WHAT TO DO:
Every line of the listing below from the one with "I got tired" up to and including the one with "This GI stands" should be retyped exactly, and nothing else; pictures are not part of the copy.

INFORMATION GIVEN:
*** Block opens ***

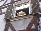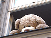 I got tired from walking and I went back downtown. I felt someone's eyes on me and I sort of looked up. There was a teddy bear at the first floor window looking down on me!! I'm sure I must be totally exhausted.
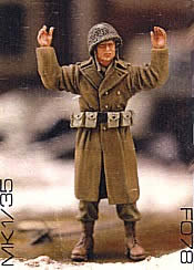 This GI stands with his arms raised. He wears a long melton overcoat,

*** Block closes ***
*** Block opens ***

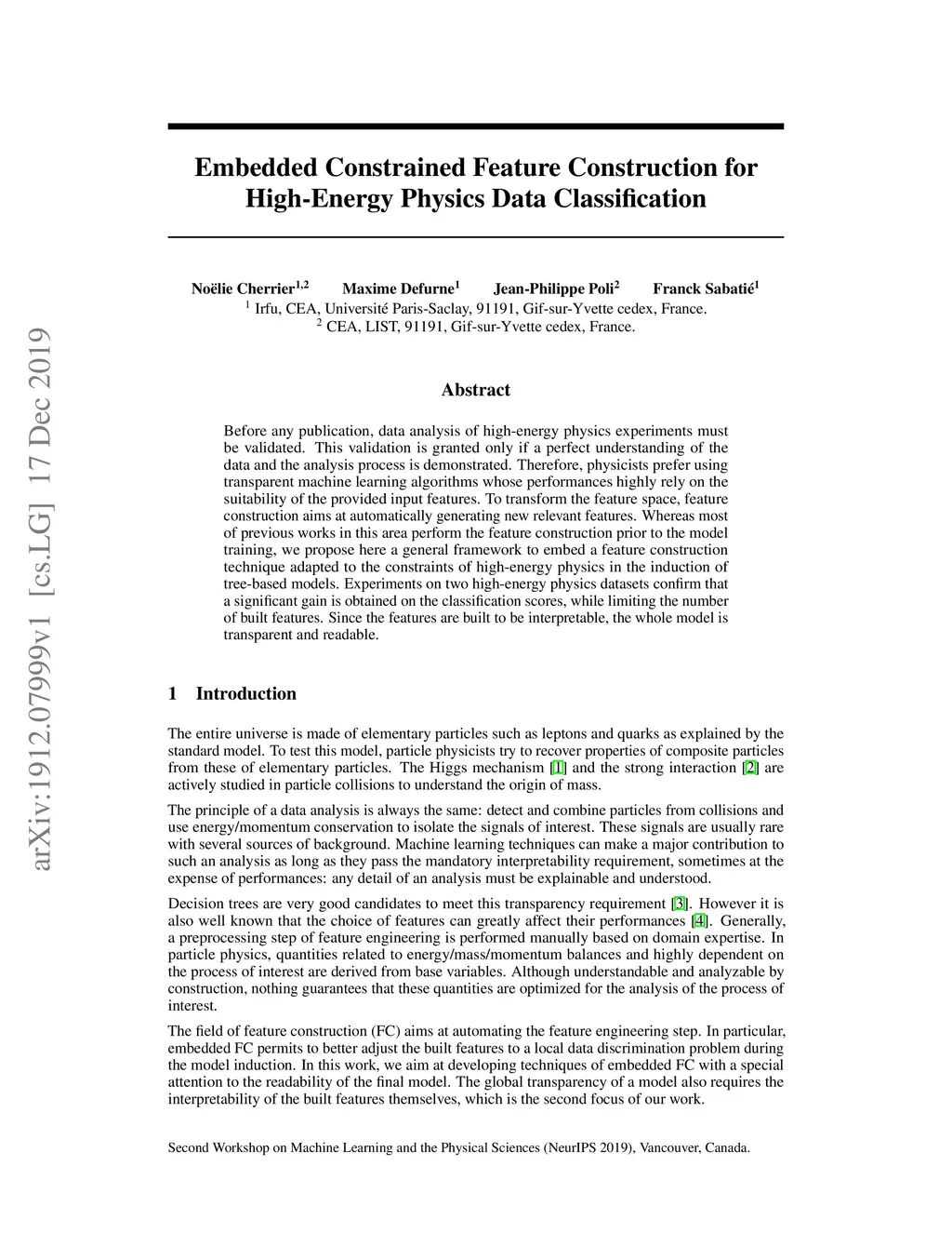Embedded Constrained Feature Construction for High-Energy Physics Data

*** Block closes ***
*** Block opens ***

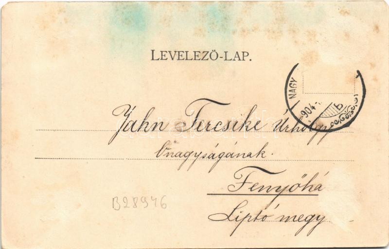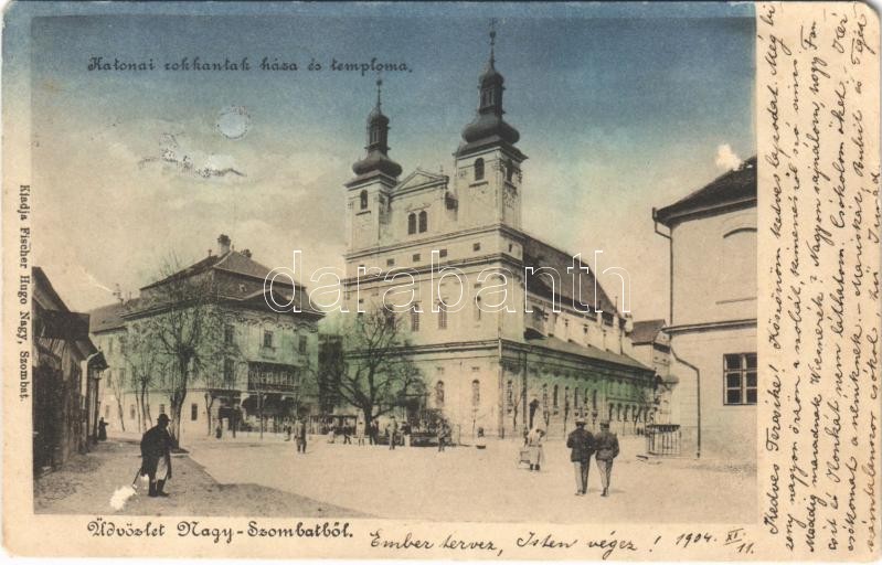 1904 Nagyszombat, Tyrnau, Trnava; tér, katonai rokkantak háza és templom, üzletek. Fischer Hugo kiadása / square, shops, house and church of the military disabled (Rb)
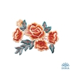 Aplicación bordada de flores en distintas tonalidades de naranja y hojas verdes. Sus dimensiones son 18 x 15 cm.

*** Block closes ***

OUTPUT FOR THIS EXERCISE:
 I got tired from walking and I went back downtown. I felt someone's eyes on me and I sort of looked up. There was a teddy bear at the first floor window looking down on me!! I'm sure I must be totally exhausted.
 This GI stands with his arms raised. He wears a long melton overcoat,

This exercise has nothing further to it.